Category:Procedural rulings
Parties: Partreck Mutokoyi (Applicant)
Brazel Moore Lawyers Pty Ltd (Respondent)
Representation:

Counsel:
AJ Merrett (Respondent)

Solicitors:
Brazel Moore Lawyers (Respondent)

Other:
Partreck Mutokoyi (Self)
File Number(s): 2023/3426

EX TEMPORE JUDGMENT (REVISED)

Summary

  1. This application concerns $90,000 currently held in Court (the Fund) in aid of the enforcement of a solicitor's lien over the fruits of an action. The applicant, Mr Partreck Mutokoyi, is the former client of the respondent solicitors, Brazel Moore Lawyers Pty Limited (BML). Mr Mutokoyi today appeared for himself. BML was represented by Ms AJ Merrett of Counsel.

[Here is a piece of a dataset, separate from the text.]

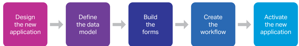
Figure 1. Five simple steps for creating an application with SMAX

Creating a new process-based application in SMAX is entirely codeless and easy to do. Figure 1 illustrates the five steps for creating the user-defined security vulnerability application from our example.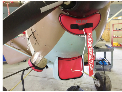
Siai Marchetti 1019 Engine Plugs, Prop Tie-Exhaust Covers

  2. By motion filed on 25 July 2024, Mr Mutokoyi seeks release of $43,920 from the Fund because he says, and it was not disputed by BML, that he is in severe financial distress. That distress is why the matter has been heard in the Duty List. For the reasons which follow, Mr Mutokoyi's motion will be dismissed.

Procedural history

  1. In the original proceedings, Mr Mutokoyi brought family provision proceedings against the defendant, the Public Trustee of Queensland (PTQ). BML originally acted for Mr Mutokoyi but during the course of the proceedings ceased to do so. Mr Mutokoyi then represented himself. He successfully negotiated a settlement which resulted in a sum to be paid to him. That sum includes what is now the Fund.

  2. BML served a notice of intention of ceasing to act on Mr Mutokoyi on 25 April 2023. In anticipation of the termination of its retainer, BML had informed Makinson d'Apice, the solicitors for PTQ, that BML would press a solicitor's lien for its fees and disbursements over any verdict or settlement payable by PTQ to Mr Mutokoyi.

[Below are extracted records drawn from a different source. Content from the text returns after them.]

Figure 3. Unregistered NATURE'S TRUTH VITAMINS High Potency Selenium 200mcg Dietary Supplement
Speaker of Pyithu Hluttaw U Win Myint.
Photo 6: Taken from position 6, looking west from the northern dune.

  3. BML terminated its retainer with Mr Mutokoyi on 14 June 2023. On the same day, BML issued a tax invoice for its services to Mr Mutokoyi in the sum of $98,546.25. That invoice did not include counsel’s fees or other disbursements.

  4. Some weeks later, BML followed up Mr Mutokoyi for payment. On 2 August 2023, BML sent Mr Mutokoyi an unsealed statement of claim to be filed in the Local Court if he did not respond to BML's requests for payment. No response was received, so on 28 August 2023 BML filed a statement of claim against Mr Mutokoyi for its fees in the Local Court at Gosford. Mr Mutokoyi did not file a defence to the statement of claim.

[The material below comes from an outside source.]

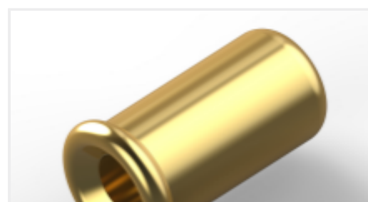
TE Part #CAT-377-MSSOB4 Miniature Spring Sockets: Open Bottom, Beryllium Copper, 6.5A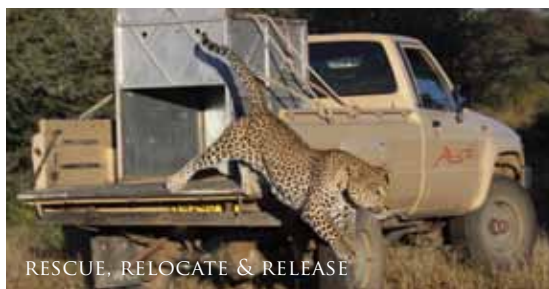
RESCUE, RELOCATE & RELEASE

  5. On 30 January 2024, Makinson d'Apice informed BML that the family provision proceedings had been settled the day before. That was correct. On 29 January 2024, Rees J had made orders in chambers including:

“2 Orders, pursuant to section 59 of the Succession Act 2006 (NSW), that the Plaintiff receive, by way of provision, out of the estate of the deceased a lump sum of $145,000 (“Lump Sum”).

3   Orders that the Lump Sum referred to in paragraph 2 be paid within 28 days of the date of these orders.

4   Orders that no interest is to be paid on the Lump Sum if such amount is paid within 28 days of the date of these orders and if not so paid….”

  1. Being concerned that Mr Mutokoyi would not pay BML's costs, BML did two things.

  2. First, on 1 February 2024, BML filed a notice of motion for default judgment in the Gosford Local Court. On the same day, default judgment was entered against Mr Mutokoyi in the sum of $101,669.96.

  3. Second, on 23 February 2024, BML caused a notice of motion to be filed in Court in these proceedings seeking a declaration that BML had a solicitor's lien over the money to be paid to Mr Mutokoyi pursuant to Rees J’s orders. The day before filing that motion, BML made an open offer to Mr Mutokoyi that it would accept $68,082.85 inclusive of counsel's fees in full and final settlement of its claim for costs against Mr Mutokoyi. Mr Mutokoyi did not accept the offer.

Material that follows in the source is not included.